The lofty and all-inclusive role that Doucette describes traces an arc that could not have been imagined, given the CIO’s humble beginnings as “the computer guy.” “There’s no comparison to the way technologies are used today: wikis and blogs and instant messaging and paying bills on a cell phone,” says Forrester’s Orlov. “There’s just such a mind-boggling difference.”

CIOs now boast about finally having the proverbial “seat at the table.” But back in the 1970s and into the ’80s, most were lucky to even get a glimpse of the “table” from their backroom fiefdoms. Data processing was the moniker for early IT shops, and their task and main value to the organization was their ability to automate transactions. “The smart companies that were successful understood that information about transactions would be as valuable as the physical good itself,” Orlov says. Big Iron and IBM ruled the day.

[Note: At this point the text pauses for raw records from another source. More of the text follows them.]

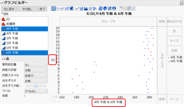 1. 「ID」を [Y] ゾーンに、「4月 午前」と「6月 午後」を同時に選択し[X] ゾーンにドロップします。
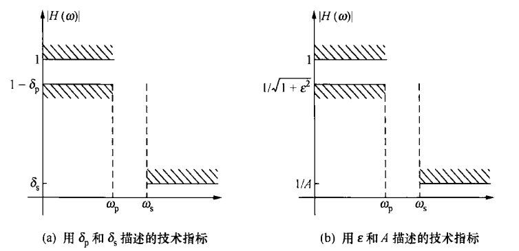 给定技术要求:通带截止频率 fp,阻带截止频率 fs,通带波动 δp,阻带波动 δs。
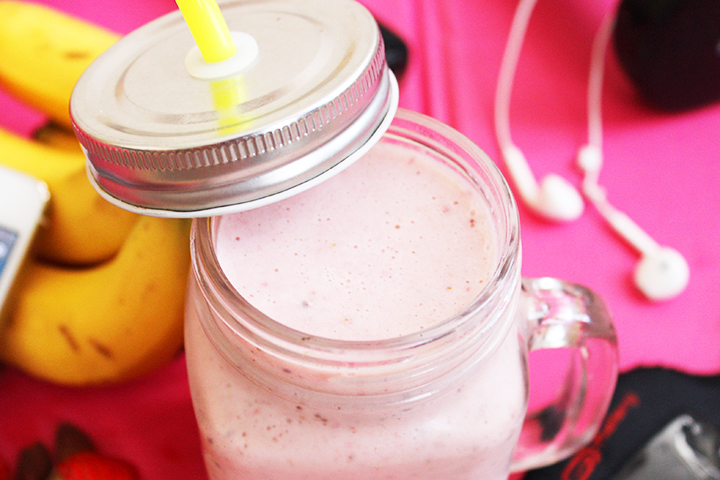 Jeudi dernier j’ai décidé de me faire un smoothie avec les fraises un peu trop mure que j’avais acheté pour le coup à -50% (les bons plans « promo » du mardi dans les commerces). Il était vraiment trop bon et surtout très frais et énergisant ! Parfait pour un after-sport d’été.

Data processing soon evolved to MIS, as companies realized that someone actually needed to manage their burgeoning computerized underbellies. And with that came the command-and-control mind-set that still lingers today. “That generation of MIS was oriented around control,” recalls Cooper, who, interestingly, didn’t get her start inside data processing or MIS but on the business side of Miller & Paine, a department store chain. Because of that, she was an early devotee of best-of-breed solutions.

“I didn’t grow up with the mainframe and IBM as the only provider. I often picked the most competitive technology that fit the purpose for the time, and that was often not IBM,” says Cooper, who eventually landed at American Express. “I didn’t really know anything about the unwritten rule: To maintain career, you do IBM. It didn’t make sense to me.”

Cooper’s naïveté, as she terms it, seems prescient today. But to shake the damaging “cost center” label in the early 1990s, CIOs would have to start innovating while keeping the lights on. There seemed to be no shortage of commentary or advice directed at the nascent CIO function, including from business executives who knew just enough about IT to be dangerous. IT consultants and new business mantras (re-engineering and Six Sigma) were ever-present.